Stars: Elijah Wood, Jason Gann, Fiona Gubelmann, Jenny Mollen
Writer: Jason Gann, series created by Jason Gann & Adam Zwar, adapted for American television by David Zuckerman
Director: Randall Einhorn.
Network: FX, Thursdays @ 10 PM
Airdate: June 27, 2013
On the face of it, it seems like it could be risky to put the character Wilfred (Jason Gann), a dog that his human friend Ryan (Elijah Wood) and the audience see as a man in a dog suit, in scenes with real canines. The episode “Sincerity” proves otherwise, as having real dogs behaving like themselves just underscores the projection and paranoia of our boy in gray.
When Ryan takes Wilf to a dog park, they have a bonding moment over mutual disgust at the people who dress up their companion animals in silly clothing and pretend to speak for them. Then Ryan realizes one of these “crazy” people is his old high school crush Kim (Jenny Mollen), who tells him she now teaches a dog obedience class. Wilf thinks it would be fun to go back to school – he claims he was one of the “cool kids” – and then acts up so much that his owner Jenna (Fiona Gubelmann) believes he needs an obedience class.
So Ryan gets to be around Kim and Wilf gets to go back to school – except of course as Wilf tries to be cool (by insulting the other dogs), he looks very uncool. Ryan makes a hit with Kim by falsely claiming to be a big dog person. Wilf winds up having a horrible time, claiming he is being bullied and mocked on Facebook by his classmates. Wilfred then tries to sabotage his school experience, and when Ryan makes him go back, the dog attempts to kill the other dogs by opening the gate that leads into oncoming traffic. However, this is obedience school, and one firm “Stay” command from Kim keeps the dogs in the yard.

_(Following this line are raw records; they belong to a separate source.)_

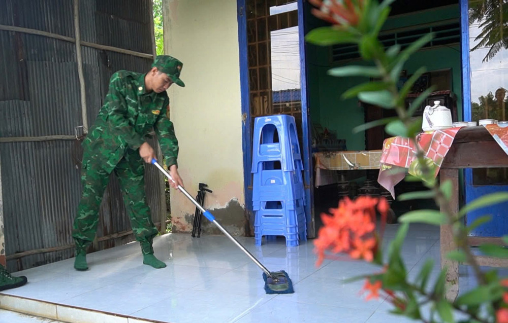 Cán bộ, chiến sĩ giúp lau nhà sạch sẽ
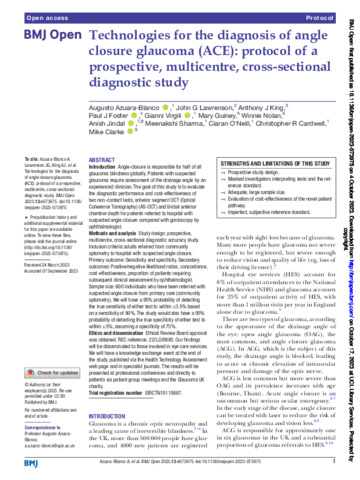 Title: | Technologies for the diagnosis of angle closure glaucoma (ACE): protocol of a prospective, multicentre, cross-sectional diagnostic study |
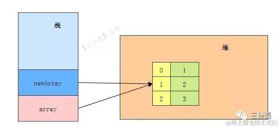 在Java中,数组是引用数组类型。array、newArray都是存储在栈中的引用,它们指向堆中真正存储的数组对象。
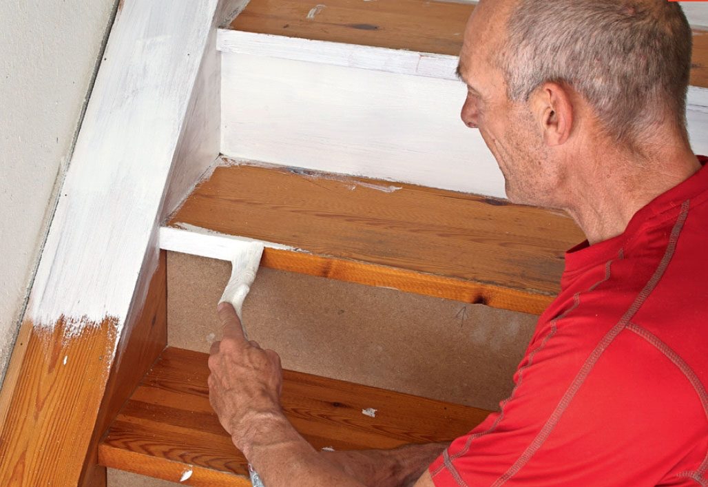 Giv vanger og stødtrin en gang hæftegrunder af samme mærke som slutmalingen. Hvis du vil male den vandrette del af trinnet, skal det også have grunder.
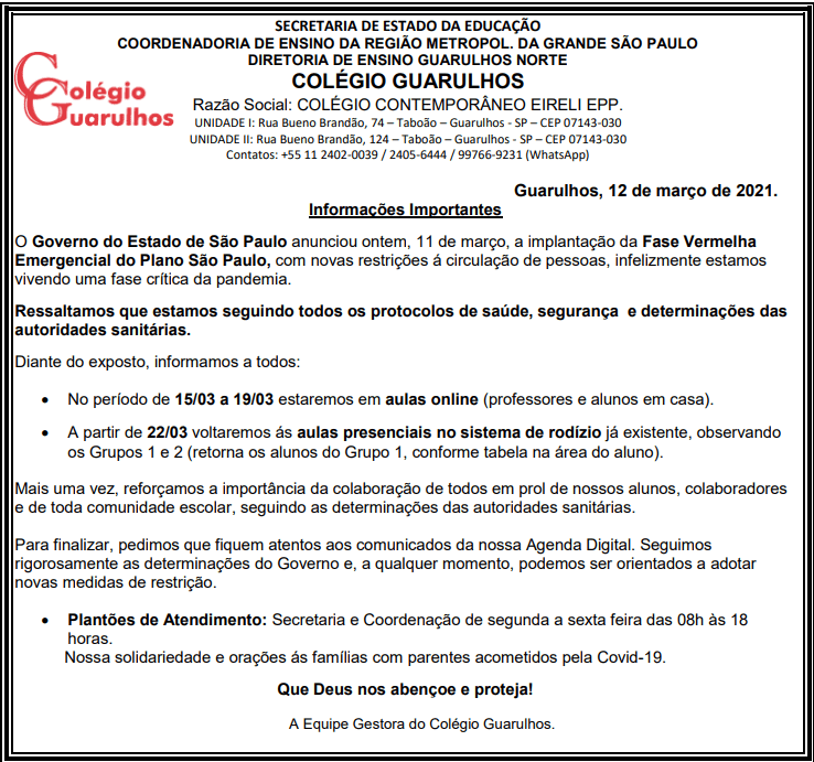 Comunicado - 12/03/2021
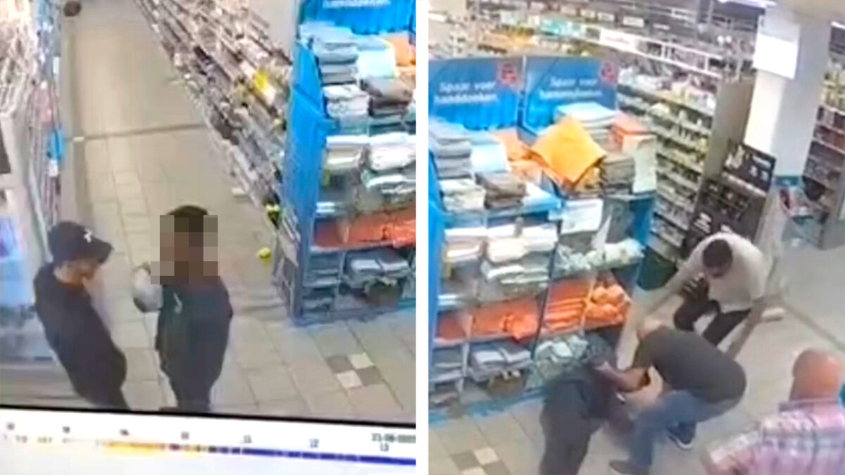 Naar verluidt spreekt een medewerker van de Albert Heijn Hoge Veld in Den Haag een man (*kuch*) aan die 'per ongeluk' iets in zijn mouw heeft laten verdwijnen, maar dat had 'ie achteraf beter niet kunnen doen. Deze #winkeldief heeft absoluut geen zin om aangehouden te worden en hoekt hem uit het niets naar de grond waar hij knock-out blijft liggen.
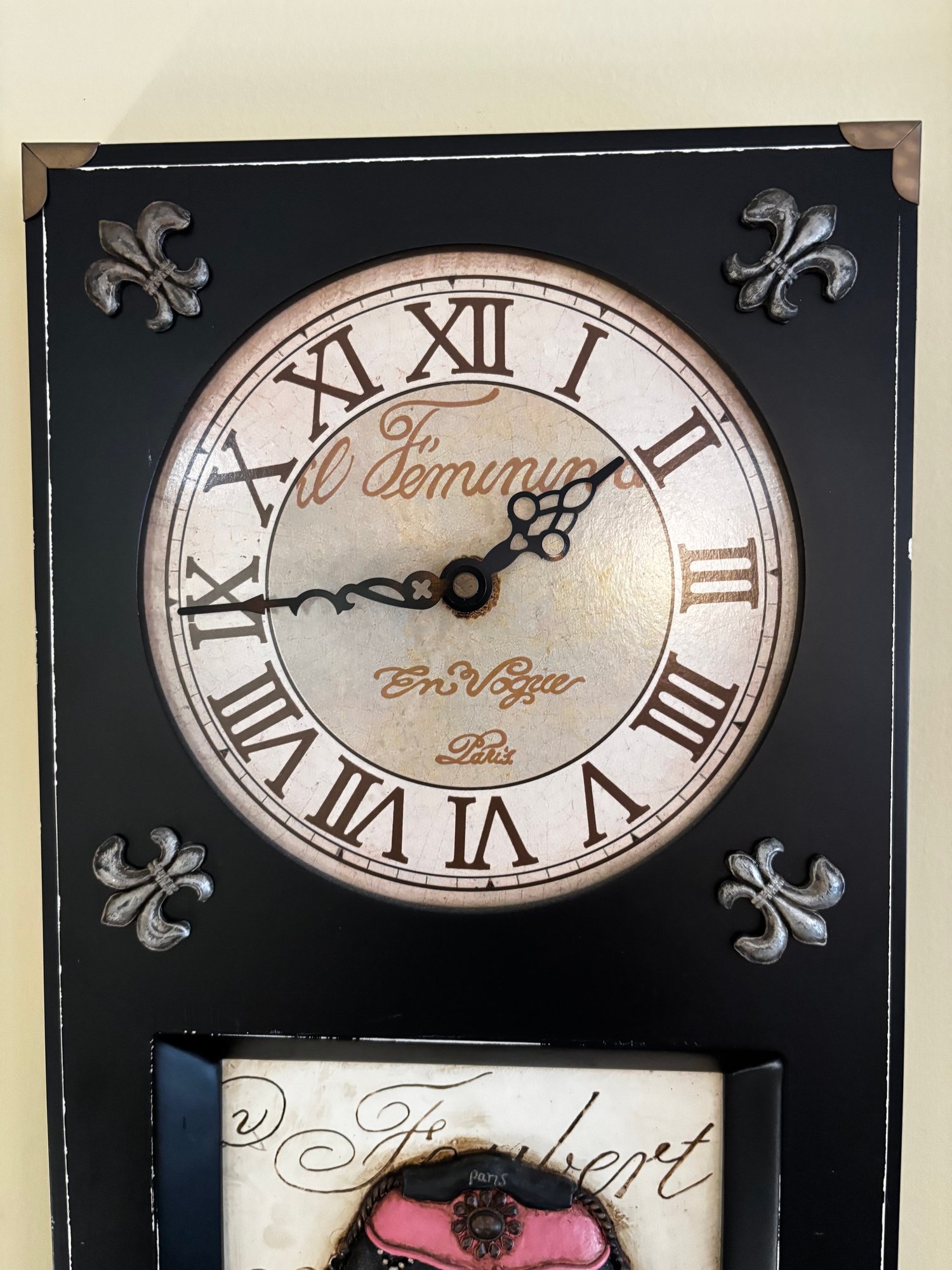 (A-193) BATTERY OPERATED WALL CLOCK WITH FLEUR DE LIS DETAIL - 18" BY 9"

Finally, Wilf admits to himself that he’s not one of the cool kids and, with Wilf’s prompting, Ryan realizes that a relationship in which he has to pretend being something he’s not – in this instance, a dog lover – isn’t right for him. Both Wilf and Ryan wind up alone (with each other), but authentic (at least, as authentic as they ever get).
The unstated irony, of course, is that Ryan’s life in fact revolves around Wilfred, so he’s as devoted to one dog as a person can be, though not in ways that Kim would recognize.
There are some moments of conventional, truly funny humor here – when Kim utters “Stay” and all of her students instantly obey, it’s an unexpected, effective bit of regular comedy. Mollen is appealing (and, in a bit of trivia that may be relevant to a show about a guy in a dog suit, she played Nina the werewolf on the final season of ANGEL).
Since Wilf is as delusional with other dogs (barring his own clone) as he is with everyone and everything else, it seems like the show may have missed an opportunity to let one of its leads have a different perspective within a peer group. Then again, actual canines have an undeniable reality and inherent coolness that makes Wilf’s efforts to fit in seem all the more futile and strangely understandable. Who wouldn’t want to be part of a group so effortlessly natural?